**Problem to work on:** Please reproduce all entries word for word and omit their pictures.
BEGIN
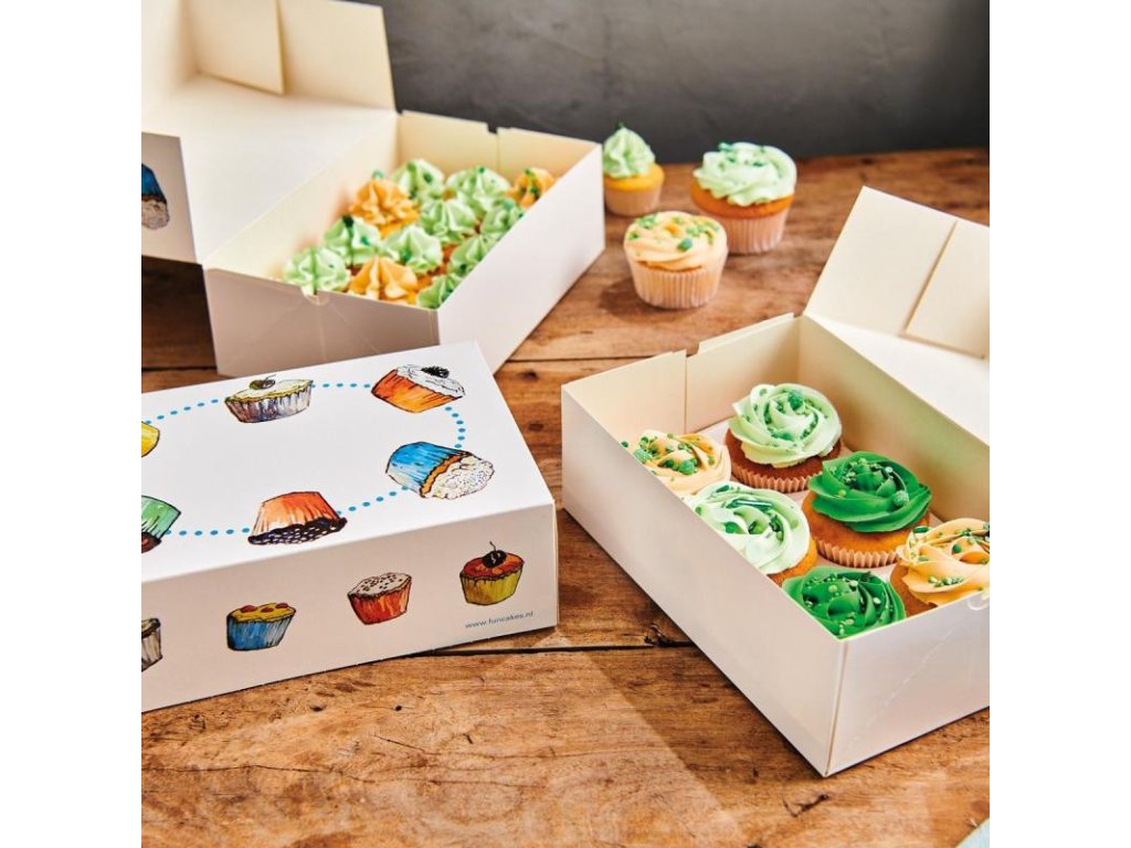 - súčasťou balenia je i podložka s presnými výrezmi na cupcakes, aby pevne držali v krabici
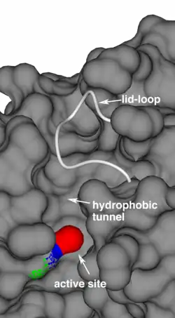 Acyl-protein thioesterases feature 3 major structural components that determine protein function and substrate processing: 1. A conserved, classical catalytic triad to break ester and thioester bonds;[2] 2. A long hydrophobic substrate tunnel to accommodate the palmitoyl moiety, as identified in the crystal structures of human acyl-protein thioesterase 1,[2] human acyl-protein thioesterase 2[13] and Zea mays acyl-protein thioesterase 2;[14] 3. A lid-loop that covers the catalytic site, is highly flexible and is a main factor determining the enzyme's product release rate.[14]
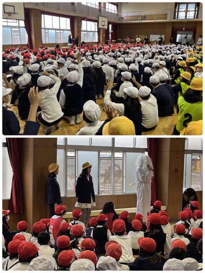 ちょうど1週間前に行った全校オリエンテーリング。今日はその表彰式。特別ゲストに仙人とガールズも来てくれました。
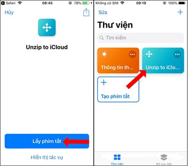 Bước 1: Truy cập TẠI ĐÂY để cài đặt phím tắt Unzip to iCloud, sau đó phím tắt sẽ được hiển thị trong thư viện ứng dụng Siri.
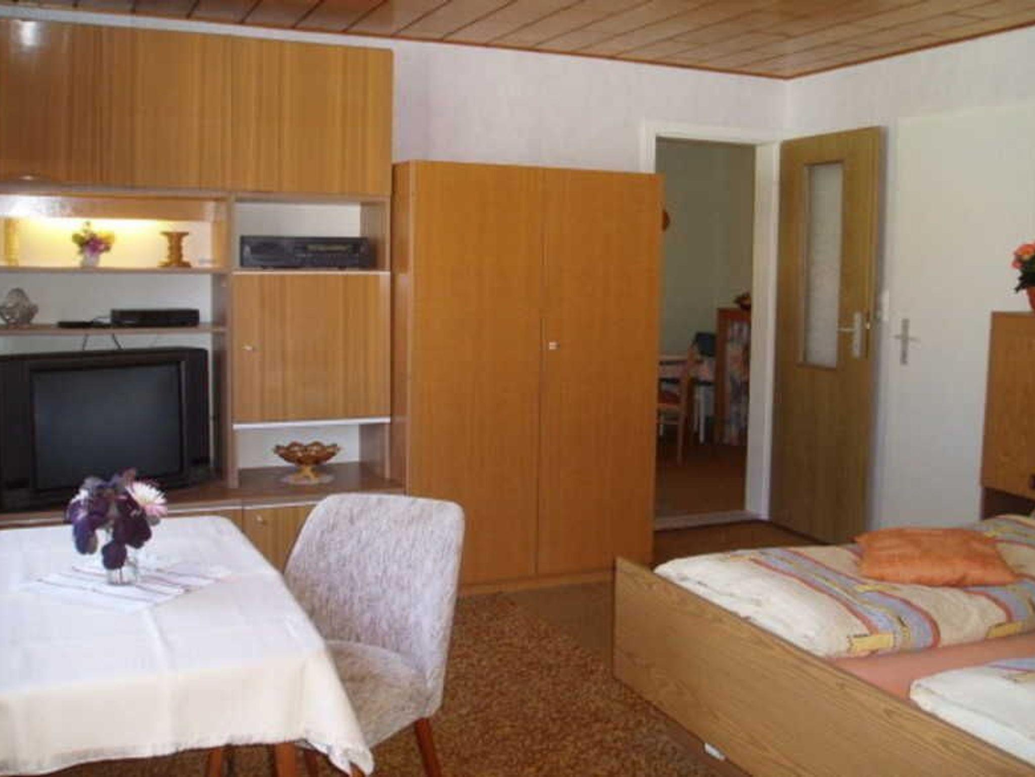 1 komb. Wohn u. Schlafzimmer bis 2 Personen, Küche, Du/WC, Sat/TV/Radio, Garten, Terrasse mit Sitzecke, Grill, Parterre, sep. Eingang, Bettwäsche und Handtücher pro Person 12,00 Euro oder selbst mitbringen, Gaststätten, Einkaufsmöglichkeiten (Aldi, Netto) und Bäcker 2 min., Nichtraucherwohnung, Parkplatz vor dem Haus, Garage mietbar, Strom und Wasser nach Verbrauch bei Abreise (Zähler sind vorhanden)
END
**Response to the task:**
 - súčasťou balenia je i podložka s presnými výrezmi na cupcakes, aby pevne držali v krabici
 Acyl-protein thioesterases feature 3 major structural components that determine protein function and substrate processing: 1. A conserved, classical catalytic triad to break ester and thioester bonds;[2] 2. A long hydrophobic substrate tunnel to accommodate the palmitoyl moiety, as identified in the crystal structures of human acyl-protein thioesterase 1,[2] human acyl-protein thioesterase 2[13] and Zea mays acyl-protein thioesterase 2;[14] 3. A lid-loop that covers the catalytic site, is highly flexible and is a main factor determining the enzyme's product release rate.[14]
 ちょうど1週間前に行った全校オリエンテーリング。今日はその表彰式。特別ゲストに仙人とガールズも来てくれました。
 Bước 1: Truy cập TẠI ĐÂY để cài đặt phím tắt Unzip to iCloud, sau đó phím tắt sẽ được hiển thị trong thư viện ứng dụng Siri.
 1 komb. Wohn u. Schlafzimmer bis 2 Personen, Küche, Du/WC, Sat/TV/Radio, Garten, Terrasse mit Sitzecke, Grill, Parterre, sep. Eingang, Bettwäsche und Handtücher pro Person 12,00 Euro oder selbst mitbringen, Gaststätten, Einkaufsmöglichkeiten (Aldi, Netto) und Bäcker 2 min., Nichtraucherwohnung, Parkplatz vor dem Haus, Garage mietbar, Strom und Wasser nach Verbrauch bei Abreise (Zähler sind vorhanden)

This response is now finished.